Ok, I understand from a community vs paid version why you initially set the MFA options in the community version to not allowed to be forced on. However, in today’s world where 2FA is the next layer of security for everything it doesn’t make sense not to allow admins on the community version not to enforce it.
Just think of it this way, if any company decided to not pay for Passbolt because the CFO and CEO are too cheap, and some hacker manages to gain access to their passwords lists it could look very bad in the consumer’s eye. The best thing to do would either provide MFA/Duo with the enforcement option in the community version or remove it all together and only provide it as an option in the paid version.
Hello @3GLighting,
Thanks for sharing your valuable feedback.
if any company decided to not pay for Passbolt because the CFO and CEO are too cheap, and some hacker manages to gain access to their passwords lists it could look very bad in the consumer’s eye
I have to say that Passbolt is already MFA by default, because you have to provide the recovery kit which is the private key and you have to know the passphrase associated to it. It means that you have the knowledge factor which is the passphrase and you have the possession factor which is the private key.
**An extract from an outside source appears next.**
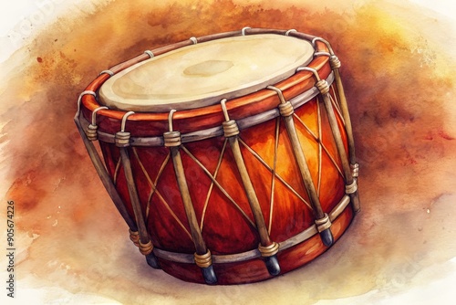 drum, musical, instrument, watercolor, painting, art, traditional, culture, music, rythm, sound, percussion, brown, orange, red, wooden, skin, rope, tied, parchment, background, illustration, painted, detail, intricate, warm, tone, artist, creative, expression, heritage, heartbeat, folklore, folk, ancient, craftsmanship, artistry, craft
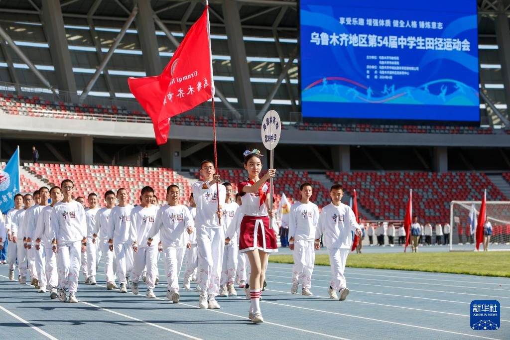 当日,新疆乌鲁木齐地区第54届中学生田径运动会在乌鲁木齐奥体中心运动场开幕,来自94所中学的2100余名运动员参加比赛。

On top of that, we’ve implemented MFA e.g. with TOTP, YubiKey or DUO as you were mentioning, currently in the PRO version with MFA Policy we give the choices to administrator to prompt their users in order for them to configure MFA. However, we are not enforcing it. Users are still able to opt-out but they will be reminded every time they logging in.
A potential workaround would be for the administrators running Passbolt CE to monitor that their users enabled MFA from the Users workspace. It could also be an internal policy.
As of July 1st MS will be enforcing MFA on their 365 to all clients. I am sure you will see other vendors doing the same. Here as our office if an employee decides they won’t want to use MFA to get their 365 emails, then all they get is internal company email access nothing external since a lot of Systems Admins don’t know how to manage their 365 limiting the risk access from the outside it makes sense why MS wants to enforce.
And maybe I was also using a too strong of word I meant ideally prompt users to start using but make so they continue to be prompted that they bug the Systems Admin who reminds them why it’s important to have it.